[[ Provided information, beginning ]]
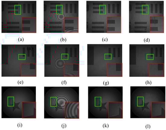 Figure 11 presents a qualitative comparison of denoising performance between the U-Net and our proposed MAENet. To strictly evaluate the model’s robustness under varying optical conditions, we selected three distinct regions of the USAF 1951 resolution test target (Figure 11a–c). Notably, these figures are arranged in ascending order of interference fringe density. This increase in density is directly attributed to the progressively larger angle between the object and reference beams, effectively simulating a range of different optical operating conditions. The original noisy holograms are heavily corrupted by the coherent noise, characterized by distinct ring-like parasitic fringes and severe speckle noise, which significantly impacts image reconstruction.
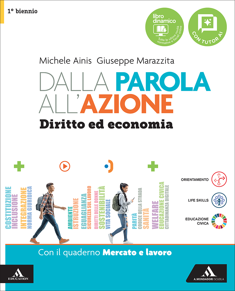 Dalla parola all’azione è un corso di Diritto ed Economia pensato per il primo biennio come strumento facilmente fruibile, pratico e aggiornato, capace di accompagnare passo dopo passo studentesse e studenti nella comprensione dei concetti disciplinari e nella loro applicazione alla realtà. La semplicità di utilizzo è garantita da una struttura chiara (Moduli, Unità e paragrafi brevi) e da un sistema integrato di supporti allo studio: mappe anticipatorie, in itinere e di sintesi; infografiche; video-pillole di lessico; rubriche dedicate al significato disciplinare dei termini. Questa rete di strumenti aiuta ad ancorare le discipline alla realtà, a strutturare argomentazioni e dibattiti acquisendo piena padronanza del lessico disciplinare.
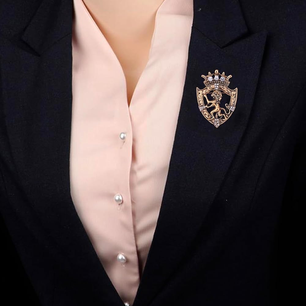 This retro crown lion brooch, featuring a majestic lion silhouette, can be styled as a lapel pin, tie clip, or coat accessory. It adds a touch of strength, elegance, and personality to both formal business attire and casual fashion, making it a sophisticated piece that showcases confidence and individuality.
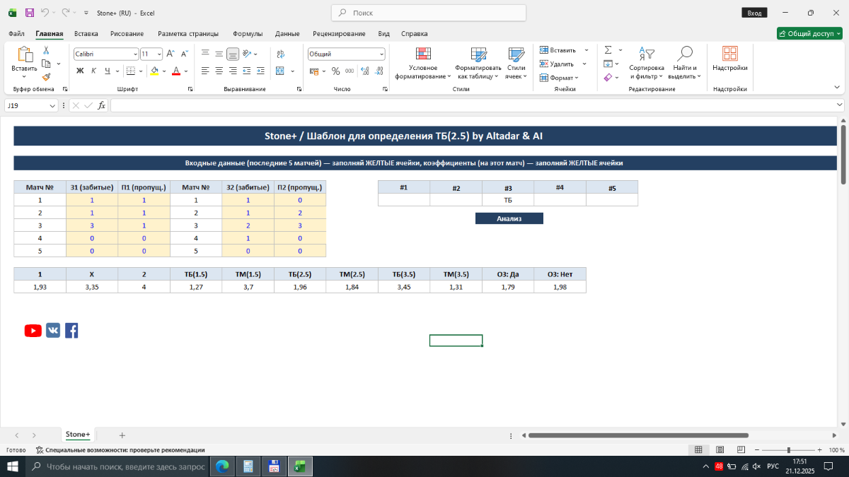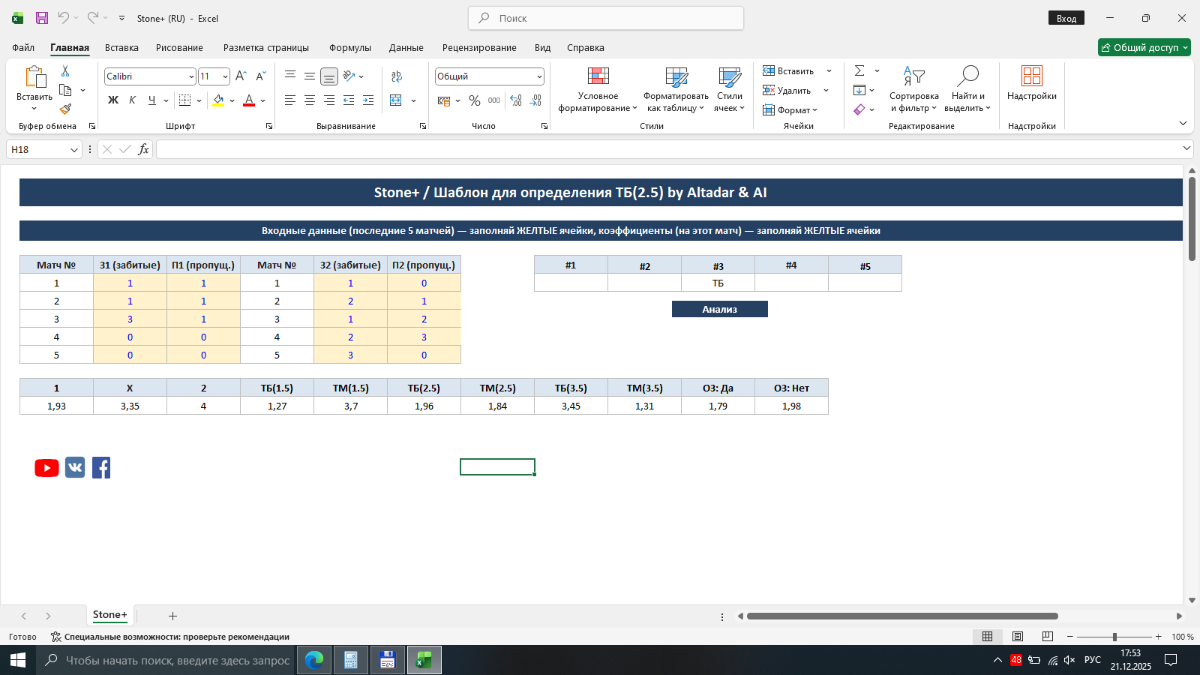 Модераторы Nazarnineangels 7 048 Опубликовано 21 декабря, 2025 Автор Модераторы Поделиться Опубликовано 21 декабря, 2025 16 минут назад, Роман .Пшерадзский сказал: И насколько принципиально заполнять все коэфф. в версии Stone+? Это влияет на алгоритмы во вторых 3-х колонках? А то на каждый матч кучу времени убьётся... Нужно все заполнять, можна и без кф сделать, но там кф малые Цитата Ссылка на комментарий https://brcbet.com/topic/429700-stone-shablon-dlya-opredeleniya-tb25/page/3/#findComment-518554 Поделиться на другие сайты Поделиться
[[ Provided information, end ]]
[[ Provided information, beginning ]]
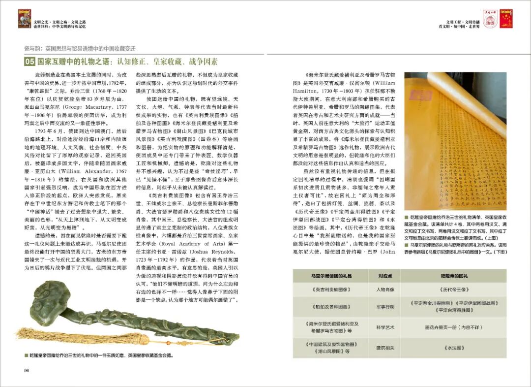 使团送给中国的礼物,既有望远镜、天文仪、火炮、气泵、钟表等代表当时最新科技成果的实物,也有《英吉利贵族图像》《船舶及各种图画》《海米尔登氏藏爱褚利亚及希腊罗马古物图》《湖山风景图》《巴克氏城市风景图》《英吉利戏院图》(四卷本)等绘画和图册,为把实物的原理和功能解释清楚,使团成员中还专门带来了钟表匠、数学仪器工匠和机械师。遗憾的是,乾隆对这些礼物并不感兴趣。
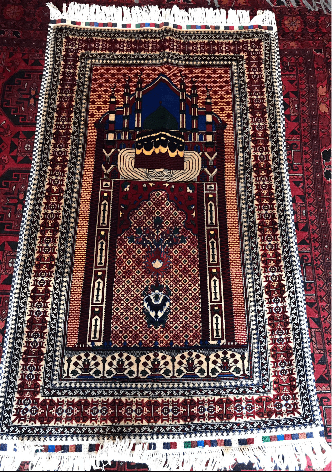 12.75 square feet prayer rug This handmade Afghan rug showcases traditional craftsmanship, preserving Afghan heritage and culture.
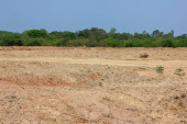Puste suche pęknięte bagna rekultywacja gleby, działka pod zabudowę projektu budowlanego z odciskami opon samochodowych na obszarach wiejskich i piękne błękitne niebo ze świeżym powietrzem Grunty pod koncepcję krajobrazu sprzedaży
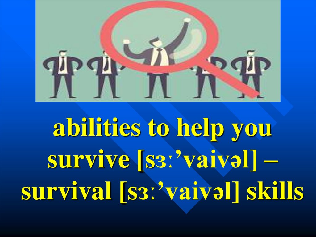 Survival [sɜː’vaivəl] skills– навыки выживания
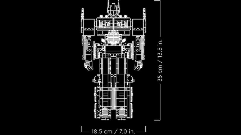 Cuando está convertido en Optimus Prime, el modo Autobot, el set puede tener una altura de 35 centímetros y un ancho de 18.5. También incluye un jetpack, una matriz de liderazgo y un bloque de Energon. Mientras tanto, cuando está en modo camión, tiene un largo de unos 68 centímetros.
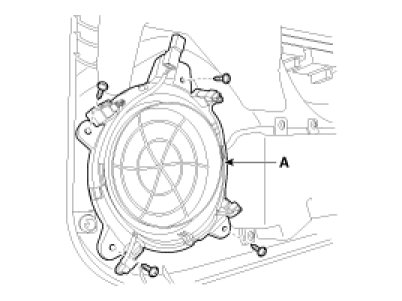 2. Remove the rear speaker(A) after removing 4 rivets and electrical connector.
[[ Provided information, end ]]
### Work order
Using the entries above, write out exactly the lines from the one with "Cuando está convertido" through the one with "2. Remove the", ends included. Leave out any pictures.

### Solution for this problem
 Cuando está convertido en Optimus Prime, el modo Autobot, el set puede tener una altura de 35 centímetros y un ancho de 18.5. También incluye un jetpack, una matriz de liderazgo y un bloque de Energon. Mientras tanto, cuando está en modo camión, tiene un largo de unos 68 centímetros.
 2. Remove the rear speaker(A) after removing 4 rivets and electrical connector.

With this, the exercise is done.